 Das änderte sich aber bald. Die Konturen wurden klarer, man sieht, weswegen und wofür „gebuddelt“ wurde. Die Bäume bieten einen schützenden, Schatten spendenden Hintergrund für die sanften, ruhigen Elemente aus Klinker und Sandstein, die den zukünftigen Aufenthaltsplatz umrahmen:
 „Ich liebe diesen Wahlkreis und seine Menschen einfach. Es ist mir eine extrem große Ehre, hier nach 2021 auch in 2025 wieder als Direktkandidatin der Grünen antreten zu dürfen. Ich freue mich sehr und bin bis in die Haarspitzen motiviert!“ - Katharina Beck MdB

• • • • • • •

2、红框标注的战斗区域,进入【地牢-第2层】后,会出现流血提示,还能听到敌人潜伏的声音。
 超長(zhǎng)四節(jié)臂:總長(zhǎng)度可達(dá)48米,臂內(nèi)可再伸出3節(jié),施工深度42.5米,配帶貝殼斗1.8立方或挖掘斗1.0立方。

• • • • • • •

**Task goal**
Word for word, restate the lines of the data above that fall between the line holding "Das änderte sich" and the line holding "Katharina Beck MdB", inclusive, and no other lines.

**Answer to the problem**
 Das änderte sich aber bald. Die Konturen wurden klarer, man sieht, weswegen und wofür „gebuddelt“ wurde. Die Bäume bieten einen schützenden, Schatten spendenden Hintergrund für die sanften, ruhigen Elemente aus Klinker und Sandstein, die den zukünftigen Aufenthaltsplatz umrahmen:
 „Ich liebe diesen Wahlkreis und seine Menschen einfach. Es ist mir eine extrem große Ehre, hier nach 2021 auch in 2025 wieder als Direktkandidatin der Grünen antreten zu dürfen. Ich freue mich sehr und bin bis in die Haarspitzen motiviert!“ - Katharina Beck MdB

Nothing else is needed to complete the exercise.